Zum dritten heißt es im Ratsbericht, "die EKD sollte sich zum Gottesdienst äußern" und "es lohnte sich, Fantasie zu entwickeln". Da habe ich gedacht, warum nur äußern? Zunächst einmal Gottesdienste selbst gestalten! Oder ich habe nachgedacht über Fantasie entwickeln! Wo haben wir heute im Gottesdienst Fantasie entwickelt? Wo war da eine Einheit zwischen Theologen und Laien? Und weiter zur Sprache, in der Predigt heißt es: "Nicht wir müssen uns ändern, sondern Christus muß uns ändern!" Als Theologe gedacht, kann ich das verstehen. Aber in meine Sprache übersetzt, frage ich mich, verleitet das nicht zu sehr zur Passivität? Sonst hätte es in meiner Sprache deutlicher heißen müssen: Christsein fordert heraus zum Mut zur Entscheidung, zum Handeln, ja, auch zum Fehlermachen, und Christsein schenkt die Erfahrung, auch im Scheitern sind wir Angenommene!

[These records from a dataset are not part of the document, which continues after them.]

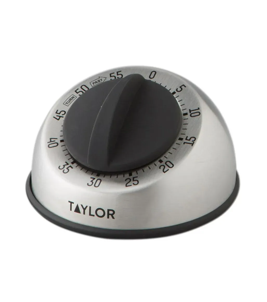 Innovate measurements with the Taylor Precision 5830 Manual Timer. Designed specifically for commercial restaurant use, this mechanical timer is a must-have tool for precise cooking and baking. With its 5" stainless steel construction, it is built to withstand the demands of a busy kitchen. The rubberized knob ensures easy and accurate time setting, while the slip-proof base keeps it securely in place during use. The 60-minute timer features a unique 9-second ring, providing an audible alert that can be heard even in a bustling restaurant environment. Trust Taylor Precision, a reputable vendor known for their high-quality products. Upgrade your kitchen with the Taylor Precision 5830 Manual Timer and experience enhanced efficiency and precision in your cooking processes.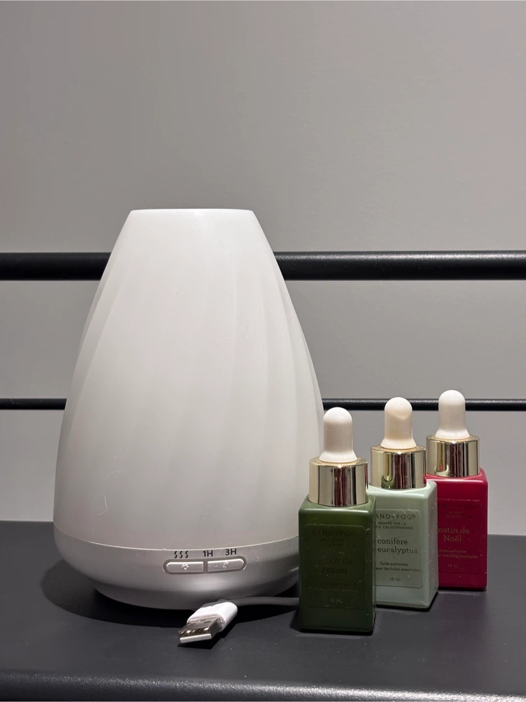 - One White ultrasonic essential oil diffuser with a USB cord. Includes three London Sand Fog 10ml essential oil bottles.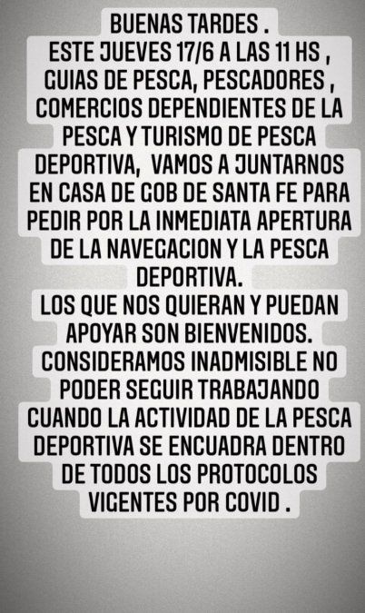 Frente a esta situación, guías, pescadores y comercios dependientes de la pesca deportiva se concentrarán este jueves 17 de abril desde las 11 frente a la Casa de Gobierno de Santa Fe. "Vamos a juntarnos para pedir por la inmediata apertura de la navegación y la pesca deportiva. Los que nos quieran y puedan apoyar son bienvenidos. Consideramos inadmisible no poder seguir trabajando cuando la actividad de la pesca deportiva se encuadra dentro de todos los protocolos vigentes por covid", explica el flyer que se difunde por WhatsApp y otras redes sociales convocando a la movilización.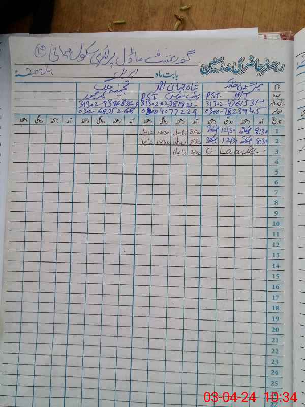 | Name: MU**** HU**** KH**** Designation: (School Headmaster's/Headmistress's) PST Phone/Cell Number: 03**** |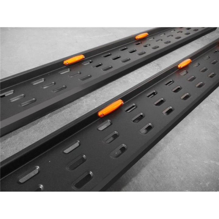 Las diferentes ventajas: Los estribos facilitan la entrada y salida, aumentando así el confort. También proporcionan protección contra arañazos o golpes de puertas. El valor de reventa del vehículo aumenta Diseño exclusivo e individual Apariencia deportiva y dinámica Calidad superior: aluminio de alta calidad Aerodinámica perfectamente adaptada Capacidad de carga por lado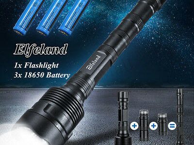 $20.18Quick ViewPackage Contents:1 x Elfeland 3xT6 LED Flashlight3 x 18650 BatteryDescription:-Made of high quality aluminum alloy, this flashlight is sturdy and durable enough for long time daily using-Lamp base: , high power LED. With a lifespan of up to 100,000 hours or more, no need to consider-Brand: Elfeland-Emitter BIN: T6-Color BIN: White-Quantity of Emitters: 3-Battery Configurations: 2 x 18650 rechargeable battery or 3 x 18650 rechargeable battery-Voltage Input: 12.6 V Max.-Switch Type: Clicky / Clickie-Switch Location: Tail-cap-Modes: 5-Mode Arrangement: HiMidLowFast-StrobeSOS-Brightness: 500 lumens maximum brightness (manufacturer rated)-Lens: Coated Glass Lens-Reflector: Aluminum Textured/OP Reflector-Size: 290( length ) x 55.6( head diameter ) x 27( body diameter ) (when use 2 pcs tube for 3 pcs 18650 battery) ;224( length ) x 55.6( head diameter ) x 27( body diameter ) (when use 1 pcs tube for 2 pcs 18650 battery ) ;-Color: Black18650 Rechargeable Battery :Model: 18650Voltage: 3.7VBattery Capacity: 3000mAhSize(mm): 64.5 (length) x 18.2 (body diameter)Your 18650 battery will be shipped at random in color, RED or Blue.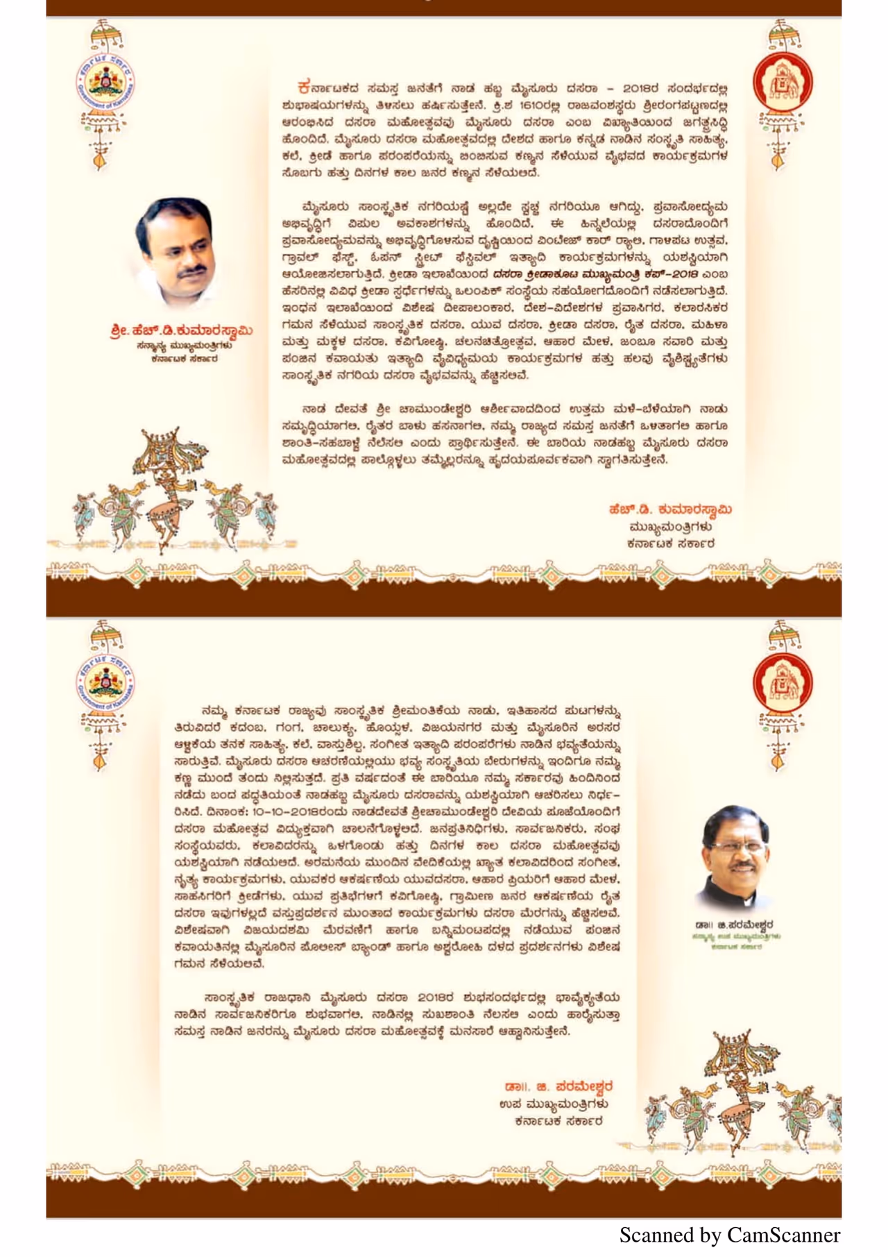 ಅ. 10 ರಂದು ಅರಮನೆ ಆವರಣದಲ್ಲಿ ಸಂಜೆ 6 ಗಂಟೆಗೆ ದಸರಾ ಸಾಂಸ್ಕೃತಿಕ ಕಾರ್ಯಕ್ರಮಗಳ ಉದ್ಘಾಟನೆ ಹಾಗೂ ರಾಜ್ಯ ಸಂಗೀತ ವಿದ್ವಾನ್ ಪ್ರಶಸ್ತಿ ಪ್ರದಾನ ಸಮಾರಂಭವನ್ನು ಮುಖ್ಯಮಂತ್ರಿ ಹೆಚ್.ಡಿ. ಕುಮಾರಸ್ವಾಮಿ ಉದ್ಘಾಟಿಸಲಿದ್ದು ಡಿಸಿಎಂ ಡಾ. ಜಿ. ಪರಮೇಶ್ವರ್ ಸೇರಿದಂತೆ ಹಲವು ಸಚಿವರು ಮುಖ್ಯ ಅತಿಥಿಗಳಾಗಿ ಪಾಲ್ಗೊಳ್ಳಲಿದ್ದಾರೆ.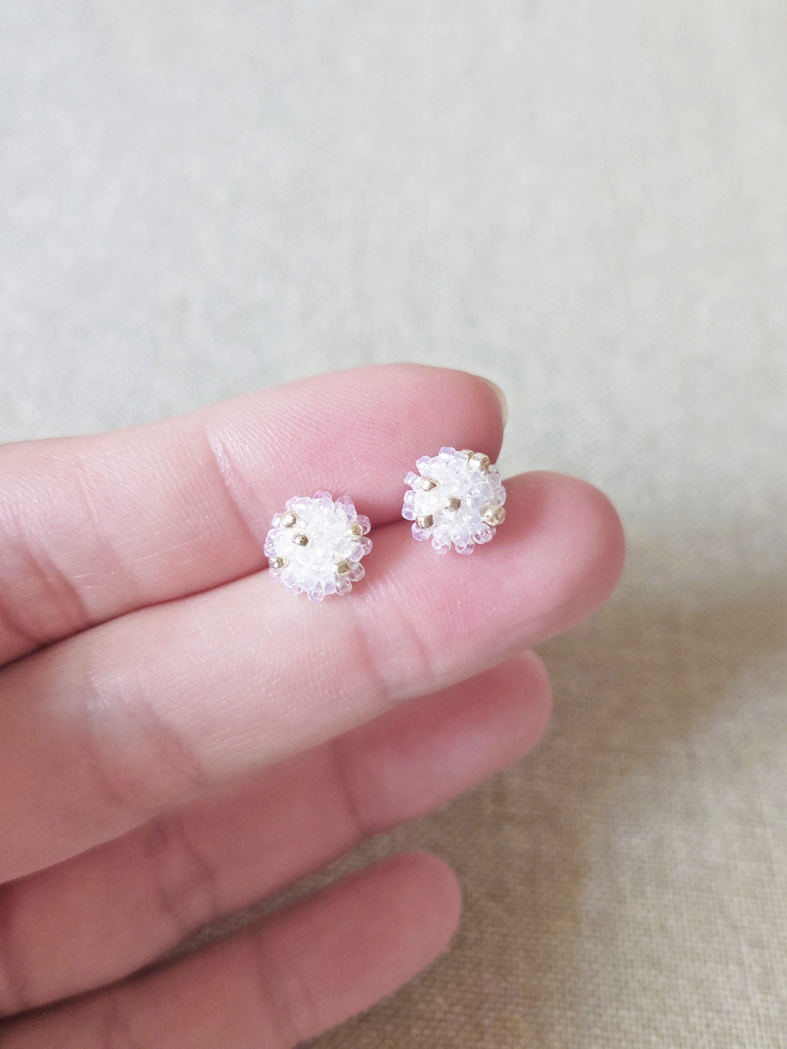 Luminous gold seed beads with lasting shine are crocheted together with a canvas of white.

Und damit eigentlich zu dem, auch konkret festgemacht, an der Situation, ja, der Studentengemeinde: Kirche muß ein Lernfeld sein, in dem ich mich in meinen Fehlern als Angenommene erfahre! Und gerade, da ich das oft nicht mehr kann, frage ich mich mit dem Ratsvorsitzenden: Ist das nicht jene Wirklichkeit, die uns hindert, Gottesdienste noch zu besuchen oder besuchen zu können? Und darum meine Bitten: Sprecht eine Sprache nicht der Richtigkeiten, sondern der Konkretionen. Wahrheit ist für mich immer konkret!

Und die zweite Bitte: Bildet einen Ausschuß Gottesdienst im besonderen und im allgemeinen, der konkret die Fragestellungen Synode im allgemeinen wie der Bildungssynode im besonderen lebendig werden läßt als "gemeinsame" Aufgabe von Laien und Theologen.